The Problem: Free VPNs as Attack Vectors
The 911 S5 Botnet (Dismantled May 2024)
The FBI dismantled what they called "likely the world's largest botnet ever":
- Scale: 19 million unique IP addresses across 190+ countries (613,841 in the US alone)
- Operation period: 2014–2022, resurfaced as "CloudRouter"
- Revenue: Operators earned approximately $99 million
- Victim losses: Billions of dollars, including $5.9 billion in fraudulent unemployment claims
How it worked:
- Users downloaded "free VPN" apps: MaskVPN, DewVPN, PaladinVPN, ProxyGate, ShieldVPN, ShineVPN
- The apps functioned as advertised (providing VPN service)

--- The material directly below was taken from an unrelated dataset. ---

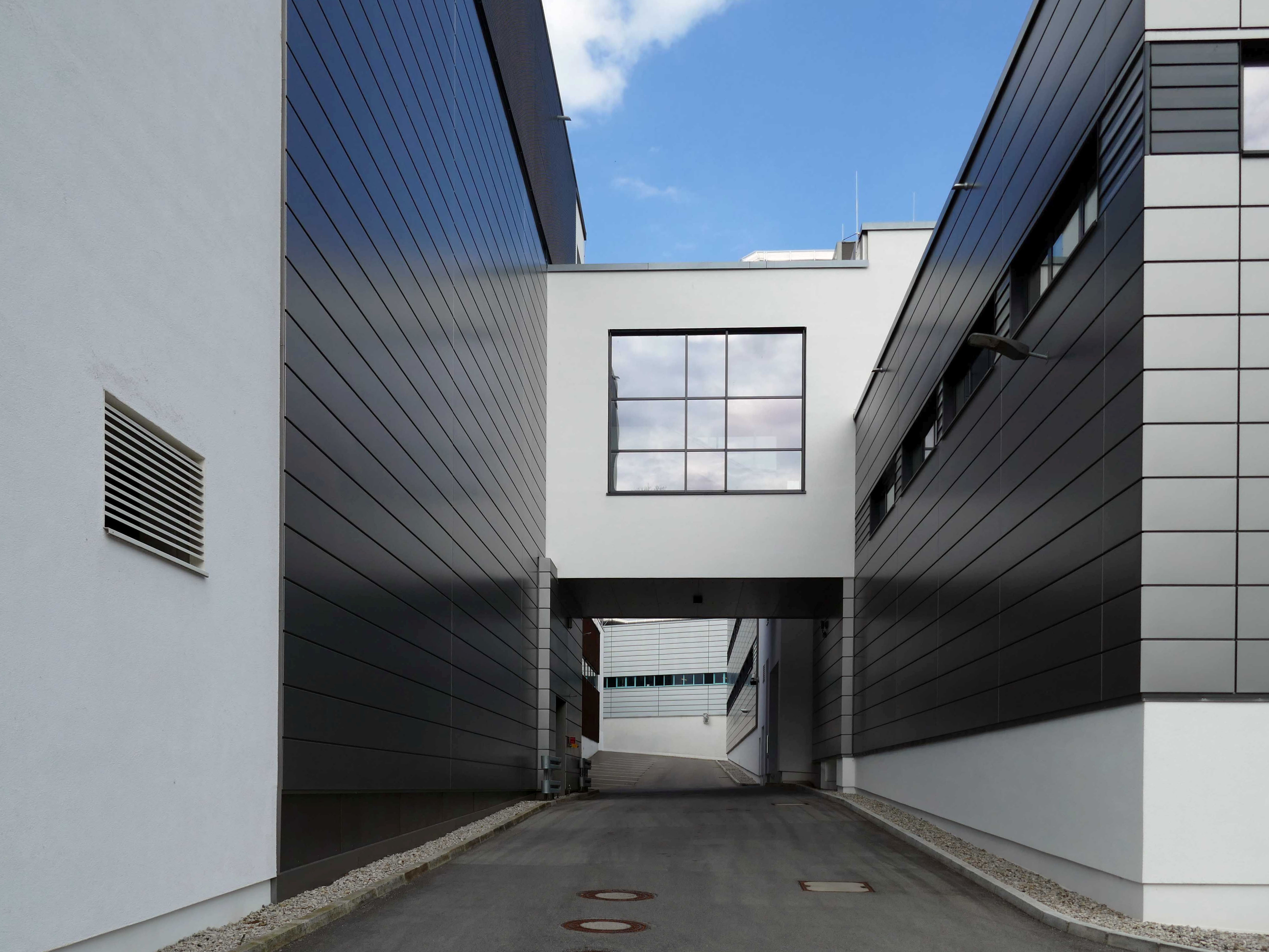 Die eingeschossige Erweiterung umfasst eine Fläche von 3.200 m² BGF. Es ist eine reine Fabrikationshalle und schließt ebenerdig an den Bestand an. Als weitere Maßnahme entstand eine Verbindungsbrücke zu Gebäude B5. ABH erbrachte die Objekt- und Generalplanung.

- Secretly, users' devices became proxy nodes in a criminal network
- Cybercriminals paid to route traffic through victims' home IP addresses
- Crimes committed appeared to originate from victims' homes
YunHe Wang, a 35-year-old Chinese national, was arrested in Singapore and faces up to 65 years in prison.
Sources:
Ongoing Threats in 2025
The problem hasn't gone away:
- Aisuru botnet (November 2025): Shifted from DDoS attacks to residential proxy services, infecting IoT devices
- Malicious Chrome extensions: A dangerous free VPN extension returned to Chrome Store with 31K+ installs after previous removal
- Mobile app risks: 88% of top 100 free Android VPNs leak user data; 39% predicted to contain malware by end of 2025
- Google Play infections: 18+ malicious VPN apps discovered using ProxyLib and LumiApps SDK to turn devices into proxies
Sources:
- Krebs on Security - Aisuru Botnet
- TechRadar - Malicious VPN Extension
- Zimperium - Mobile VPN Dangers
Why Free VPNs Are Dangerous
The Business Model Problem
Running a VPN service is expensive:
- Global server infrastructure
- Bandwidth costs for encrypted traffic
- Development and maintenance
If you're not paying, you're the product. Free VPNs monetize through:
- Selling your bandwidth - Your device becomes a proxy exit node
- Logging and selling data - Browsing history, personal information sold to advertisers
- Injecting ads - Inserting advertisements into your browsing
- Installing malware - Bundling spyware, cryptominers, or botnet agents
Specific Risks
| Risk | Description |
|---|---|
| Botnet enrollment | Device becomes part of criminal proxy network |
| Data logging | Activity tracked and sold despite "no-log" claims |
| IP/DNS leaks | 88% of free VPNs leak data that should be protected |
| Malware | 20% flagged as malware by antivirus scanners |
| Legal liability | Crimes routed through your IP appear to be yours |
| Browser hijacking | Search results altered, redirected to malicious sites |
How Tailscale Is Different
Fundamental Architecture Differences
| Aspect | Traditional/Free VPN | Tailscale |
|---|---|---|
| Model | Hub-and-spoke (all traffic through central server) | Peer-to-peer mesh network |
| Traffic routing | Provider sees all traffic | Direct device-to-device; Tailscale cannot see traffic |
| Business model | Often monetizes user data | Paid tiers; enterprise focus |
| Purpose | Route all internet traffic through provider | Connect YOUR devices to each other |
| Keys | Provider manages/may access keys | Private keys never leave your devices |
Tailscale Technical Architecture
Built on WireGuard: Tailscale uses WireGuard, a modern, audited encryption protocol with a minimal attack surface (~4,000 lines of code vs. 100,000+ for OpenVPN).
Key Management:
- Each device generates its own public/private key pair
- Private keys NEVER leave the device
- Tailscale's coordination server only sees public keys
- Even Tailscale cannot decrypt your traffic
Coordination Server (login.tailscale.com):
- Acts as a "public key dropbox"
- Facilitates device discovery and NAT traversal
- Does NOT route your traffic
- Cannot inspect your communications
Direct Connections:
- Devices connect directly to each other when possible
- DERP relay servers used only when direct connection fails
- Relay traffic is still end-to-end encrypted (Tailscale can't read it)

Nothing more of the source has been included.